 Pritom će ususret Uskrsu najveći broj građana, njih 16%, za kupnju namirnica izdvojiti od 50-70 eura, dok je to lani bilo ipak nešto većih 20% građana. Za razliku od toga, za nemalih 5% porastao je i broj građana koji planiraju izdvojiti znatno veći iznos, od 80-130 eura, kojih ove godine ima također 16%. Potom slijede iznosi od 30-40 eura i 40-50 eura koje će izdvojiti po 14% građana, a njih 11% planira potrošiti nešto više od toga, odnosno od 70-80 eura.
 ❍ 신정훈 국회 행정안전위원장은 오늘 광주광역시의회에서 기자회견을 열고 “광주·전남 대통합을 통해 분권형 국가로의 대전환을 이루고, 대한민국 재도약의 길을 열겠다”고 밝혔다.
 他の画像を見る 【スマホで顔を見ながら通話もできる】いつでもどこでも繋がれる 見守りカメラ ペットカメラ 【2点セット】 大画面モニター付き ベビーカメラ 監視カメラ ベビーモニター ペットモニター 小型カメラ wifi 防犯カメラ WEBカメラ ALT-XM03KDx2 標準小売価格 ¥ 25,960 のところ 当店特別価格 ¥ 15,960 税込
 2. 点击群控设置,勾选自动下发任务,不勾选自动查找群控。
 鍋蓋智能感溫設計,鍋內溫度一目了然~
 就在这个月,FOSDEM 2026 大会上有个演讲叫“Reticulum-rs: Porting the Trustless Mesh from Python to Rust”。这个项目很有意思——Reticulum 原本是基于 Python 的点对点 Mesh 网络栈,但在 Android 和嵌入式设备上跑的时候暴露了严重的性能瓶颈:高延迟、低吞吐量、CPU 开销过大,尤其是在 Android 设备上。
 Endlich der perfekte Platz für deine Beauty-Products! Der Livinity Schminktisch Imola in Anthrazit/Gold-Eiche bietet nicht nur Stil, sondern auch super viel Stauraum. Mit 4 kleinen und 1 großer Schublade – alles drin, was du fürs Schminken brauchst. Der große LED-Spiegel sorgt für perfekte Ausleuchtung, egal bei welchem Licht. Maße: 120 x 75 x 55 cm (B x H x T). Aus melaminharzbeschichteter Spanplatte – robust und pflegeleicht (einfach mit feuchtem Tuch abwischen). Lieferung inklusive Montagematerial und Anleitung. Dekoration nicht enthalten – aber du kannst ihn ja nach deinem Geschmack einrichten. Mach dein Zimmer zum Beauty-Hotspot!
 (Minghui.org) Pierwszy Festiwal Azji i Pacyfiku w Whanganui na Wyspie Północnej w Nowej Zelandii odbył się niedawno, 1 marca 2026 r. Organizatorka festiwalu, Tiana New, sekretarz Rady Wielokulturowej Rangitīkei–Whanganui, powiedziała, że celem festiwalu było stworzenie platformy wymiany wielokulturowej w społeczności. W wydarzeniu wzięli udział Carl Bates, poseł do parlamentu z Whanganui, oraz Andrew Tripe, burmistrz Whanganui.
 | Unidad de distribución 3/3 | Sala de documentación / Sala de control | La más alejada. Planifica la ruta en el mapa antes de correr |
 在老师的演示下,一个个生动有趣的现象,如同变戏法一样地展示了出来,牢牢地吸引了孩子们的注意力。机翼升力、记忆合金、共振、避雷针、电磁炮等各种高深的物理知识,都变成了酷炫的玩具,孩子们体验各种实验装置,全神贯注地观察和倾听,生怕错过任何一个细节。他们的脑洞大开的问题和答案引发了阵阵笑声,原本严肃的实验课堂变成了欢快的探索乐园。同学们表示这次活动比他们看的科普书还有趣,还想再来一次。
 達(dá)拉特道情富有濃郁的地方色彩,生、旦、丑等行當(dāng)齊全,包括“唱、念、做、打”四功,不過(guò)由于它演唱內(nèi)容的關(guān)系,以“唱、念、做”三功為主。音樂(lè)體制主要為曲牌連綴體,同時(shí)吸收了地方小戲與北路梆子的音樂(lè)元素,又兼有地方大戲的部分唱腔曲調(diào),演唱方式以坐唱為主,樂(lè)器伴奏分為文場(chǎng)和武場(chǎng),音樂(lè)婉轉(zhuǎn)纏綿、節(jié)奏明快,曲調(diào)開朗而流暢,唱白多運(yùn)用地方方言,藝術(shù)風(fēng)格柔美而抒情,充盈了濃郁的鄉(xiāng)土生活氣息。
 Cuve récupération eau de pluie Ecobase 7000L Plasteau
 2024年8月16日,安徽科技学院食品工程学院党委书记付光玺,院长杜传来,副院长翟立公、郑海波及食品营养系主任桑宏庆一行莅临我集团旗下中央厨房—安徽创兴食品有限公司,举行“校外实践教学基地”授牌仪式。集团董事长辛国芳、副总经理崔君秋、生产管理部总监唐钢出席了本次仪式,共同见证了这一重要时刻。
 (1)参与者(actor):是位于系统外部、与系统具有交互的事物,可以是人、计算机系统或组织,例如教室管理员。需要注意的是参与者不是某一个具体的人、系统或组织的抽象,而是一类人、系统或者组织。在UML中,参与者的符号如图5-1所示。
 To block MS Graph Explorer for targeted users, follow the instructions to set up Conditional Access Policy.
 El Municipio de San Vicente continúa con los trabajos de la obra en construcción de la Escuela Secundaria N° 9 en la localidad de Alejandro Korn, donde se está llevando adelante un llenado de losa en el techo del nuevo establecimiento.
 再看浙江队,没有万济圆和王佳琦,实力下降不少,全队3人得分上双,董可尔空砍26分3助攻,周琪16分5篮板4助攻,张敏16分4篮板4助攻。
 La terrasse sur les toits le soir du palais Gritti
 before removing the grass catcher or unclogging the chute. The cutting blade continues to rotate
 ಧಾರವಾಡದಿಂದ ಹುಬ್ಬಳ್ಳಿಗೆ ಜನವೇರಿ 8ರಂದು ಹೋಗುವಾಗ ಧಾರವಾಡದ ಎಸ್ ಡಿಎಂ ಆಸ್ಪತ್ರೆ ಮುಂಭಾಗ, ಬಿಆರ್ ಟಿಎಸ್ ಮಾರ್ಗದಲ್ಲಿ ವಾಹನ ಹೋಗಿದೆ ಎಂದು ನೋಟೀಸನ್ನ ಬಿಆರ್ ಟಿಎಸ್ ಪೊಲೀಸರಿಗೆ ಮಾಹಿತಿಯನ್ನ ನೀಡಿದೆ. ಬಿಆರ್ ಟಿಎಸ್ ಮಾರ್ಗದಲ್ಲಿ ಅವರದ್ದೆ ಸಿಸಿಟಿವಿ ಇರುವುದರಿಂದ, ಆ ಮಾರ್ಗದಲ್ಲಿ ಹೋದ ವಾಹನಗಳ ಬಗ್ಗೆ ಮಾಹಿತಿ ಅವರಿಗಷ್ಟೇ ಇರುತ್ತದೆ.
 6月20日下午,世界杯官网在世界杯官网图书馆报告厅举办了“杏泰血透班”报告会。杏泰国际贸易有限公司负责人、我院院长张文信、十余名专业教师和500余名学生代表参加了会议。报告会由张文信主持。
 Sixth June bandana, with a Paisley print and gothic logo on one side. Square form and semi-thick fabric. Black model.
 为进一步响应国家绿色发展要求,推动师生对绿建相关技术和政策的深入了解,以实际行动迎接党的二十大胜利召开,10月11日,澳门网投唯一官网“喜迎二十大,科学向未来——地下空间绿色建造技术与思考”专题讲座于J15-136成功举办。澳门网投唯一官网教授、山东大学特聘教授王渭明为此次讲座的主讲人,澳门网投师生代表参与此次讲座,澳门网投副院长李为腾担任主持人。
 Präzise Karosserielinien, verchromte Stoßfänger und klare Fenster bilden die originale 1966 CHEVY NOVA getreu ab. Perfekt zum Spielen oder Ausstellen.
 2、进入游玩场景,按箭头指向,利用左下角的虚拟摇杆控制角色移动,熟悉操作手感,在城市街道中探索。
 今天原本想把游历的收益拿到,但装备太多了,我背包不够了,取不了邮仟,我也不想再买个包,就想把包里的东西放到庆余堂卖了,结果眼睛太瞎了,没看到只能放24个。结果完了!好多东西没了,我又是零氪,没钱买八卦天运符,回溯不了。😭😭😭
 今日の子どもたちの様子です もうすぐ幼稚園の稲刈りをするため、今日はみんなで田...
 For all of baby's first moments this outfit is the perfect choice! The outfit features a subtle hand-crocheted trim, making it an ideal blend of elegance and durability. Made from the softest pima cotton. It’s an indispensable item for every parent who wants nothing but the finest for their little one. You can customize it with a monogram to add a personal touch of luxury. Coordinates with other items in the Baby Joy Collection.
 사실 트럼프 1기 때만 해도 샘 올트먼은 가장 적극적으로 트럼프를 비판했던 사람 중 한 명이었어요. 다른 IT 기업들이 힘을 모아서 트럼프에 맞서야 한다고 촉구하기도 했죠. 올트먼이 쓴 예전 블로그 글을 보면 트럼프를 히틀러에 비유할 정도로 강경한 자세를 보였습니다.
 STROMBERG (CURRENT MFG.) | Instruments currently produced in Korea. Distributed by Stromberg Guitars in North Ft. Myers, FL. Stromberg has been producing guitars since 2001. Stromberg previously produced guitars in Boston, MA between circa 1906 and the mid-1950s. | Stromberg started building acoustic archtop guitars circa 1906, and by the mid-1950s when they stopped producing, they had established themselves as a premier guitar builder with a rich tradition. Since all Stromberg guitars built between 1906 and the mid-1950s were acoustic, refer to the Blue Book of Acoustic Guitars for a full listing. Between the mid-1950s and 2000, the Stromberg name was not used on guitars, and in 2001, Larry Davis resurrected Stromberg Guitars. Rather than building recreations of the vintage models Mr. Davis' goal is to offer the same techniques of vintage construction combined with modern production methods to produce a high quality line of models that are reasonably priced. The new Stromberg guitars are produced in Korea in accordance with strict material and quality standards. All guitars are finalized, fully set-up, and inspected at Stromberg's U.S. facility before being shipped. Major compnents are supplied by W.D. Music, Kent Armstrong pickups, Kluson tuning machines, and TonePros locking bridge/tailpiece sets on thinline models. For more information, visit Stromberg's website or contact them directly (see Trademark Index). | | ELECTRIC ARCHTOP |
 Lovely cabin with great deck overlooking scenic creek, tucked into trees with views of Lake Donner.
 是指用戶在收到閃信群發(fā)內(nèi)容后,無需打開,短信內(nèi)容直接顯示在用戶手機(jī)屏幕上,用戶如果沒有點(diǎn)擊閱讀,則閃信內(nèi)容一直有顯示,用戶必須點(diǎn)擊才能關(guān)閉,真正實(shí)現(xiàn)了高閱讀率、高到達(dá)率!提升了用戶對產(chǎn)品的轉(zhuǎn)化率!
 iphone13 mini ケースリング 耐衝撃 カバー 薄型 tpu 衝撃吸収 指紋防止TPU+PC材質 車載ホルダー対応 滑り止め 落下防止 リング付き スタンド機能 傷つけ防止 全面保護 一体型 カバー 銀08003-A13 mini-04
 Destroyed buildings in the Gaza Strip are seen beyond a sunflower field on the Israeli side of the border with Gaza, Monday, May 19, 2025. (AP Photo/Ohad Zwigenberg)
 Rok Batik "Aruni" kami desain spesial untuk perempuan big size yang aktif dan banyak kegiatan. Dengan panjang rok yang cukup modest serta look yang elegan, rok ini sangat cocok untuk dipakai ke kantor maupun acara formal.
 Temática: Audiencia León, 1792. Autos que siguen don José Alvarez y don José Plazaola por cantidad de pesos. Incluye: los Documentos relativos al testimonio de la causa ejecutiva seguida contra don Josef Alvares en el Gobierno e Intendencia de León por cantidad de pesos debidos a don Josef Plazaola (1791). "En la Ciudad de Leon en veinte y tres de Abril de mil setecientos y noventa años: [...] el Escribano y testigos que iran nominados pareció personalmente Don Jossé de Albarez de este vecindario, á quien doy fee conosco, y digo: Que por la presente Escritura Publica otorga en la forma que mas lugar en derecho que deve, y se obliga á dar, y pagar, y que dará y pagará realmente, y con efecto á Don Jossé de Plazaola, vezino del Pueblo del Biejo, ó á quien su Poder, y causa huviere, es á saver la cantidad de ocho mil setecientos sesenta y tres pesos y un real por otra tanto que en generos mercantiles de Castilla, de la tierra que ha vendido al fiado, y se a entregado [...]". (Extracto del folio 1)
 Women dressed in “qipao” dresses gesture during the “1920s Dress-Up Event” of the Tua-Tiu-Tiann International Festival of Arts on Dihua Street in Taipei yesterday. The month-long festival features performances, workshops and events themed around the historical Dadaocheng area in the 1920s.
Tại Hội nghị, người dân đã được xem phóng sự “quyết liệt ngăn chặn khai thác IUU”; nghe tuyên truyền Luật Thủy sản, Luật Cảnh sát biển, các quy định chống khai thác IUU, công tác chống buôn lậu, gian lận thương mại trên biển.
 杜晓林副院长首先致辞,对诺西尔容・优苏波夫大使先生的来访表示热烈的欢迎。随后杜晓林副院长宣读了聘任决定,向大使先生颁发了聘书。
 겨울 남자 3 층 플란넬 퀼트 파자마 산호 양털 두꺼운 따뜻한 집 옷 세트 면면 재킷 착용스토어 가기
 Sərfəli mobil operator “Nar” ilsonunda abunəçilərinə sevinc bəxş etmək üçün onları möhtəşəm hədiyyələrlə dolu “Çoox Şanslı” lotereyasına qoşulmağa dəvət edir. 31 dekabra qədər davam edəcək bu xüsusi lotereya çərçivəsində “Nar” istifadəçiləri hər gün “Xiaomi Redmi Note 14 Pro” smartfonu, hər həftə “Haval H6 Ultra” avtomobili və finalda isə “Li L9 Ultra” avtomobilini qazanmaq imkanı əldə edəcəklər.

◆ TASK OBJECTIVE
Retype, exactly as written, everything from the first line of the data above through the line containing "开销过大,尤其是在 Android 设备上。". Nothing else should appear.

◆ EXERCISE SOLUTION
 Pritom će ususret Uskrsu najveći broj građana, njih 16%, za kupnju namirnica izdvojiti od 50-70 eura, dok je to lani bilo ipak nešto većih 20% građana. Za razliku od toga, za nemalih 5% porastao je i broj građana koji planiraju izdvojiti znatno veći iznos, od 80-130 eura, kojih ove godine ima također 16%. Potom slijede iznosi od 30-40 eura i 40-50 eura koje će izdvojiti po 14% građana, a njih 11% planira potrošiti nešto više od toga, odnosno od 70-80 eura.
 ❍ 신정훈 국회 행정안전위원장은 오늘 광주광역시의회에서 기자회견을 열고 “광주·전남 대통합을 통해 분권형 국가로의 대전환을 이루고, 대한민국 재도약의 길을 열겠다”고 밝혔다.
 他の画像を見る 【スマホで顔を見ながら通話もできる】いつでもどこでも繋がれる 見守りカメラ ペットカメラ 【2点セット】 大画面モニター付き ベビーカメラ 監視カメラ ベビーモニター ペットモニター 小型カメラ wifi 防犯カメラ WEBカメラ ALT-XM03KDx2 標準小売価格 ¥ 25,960 のところ 当店特別価格 ¥ 15,960 税込
 2. 点击群控设置,勾选自动下发任务,不勾选自动查找群控。
 鍋蓋智能感溫設計,鍋內溫度一目了然~
 就在这个月,FOSDEM 2026 大会上有个演讲叫“Reticulum-rs: Porting the Trustless Mesh from Python to Rust”。这个项目很有意思——Reticulum 原本是基于 Python 的点对点 Mesh 网络栈,但在 Android 和嵌入式设备上跑的时候暴露了严重的性能瓶颈:高延迟、低吞吐量、CPU 开销过大,尤其是在 Android 设备上。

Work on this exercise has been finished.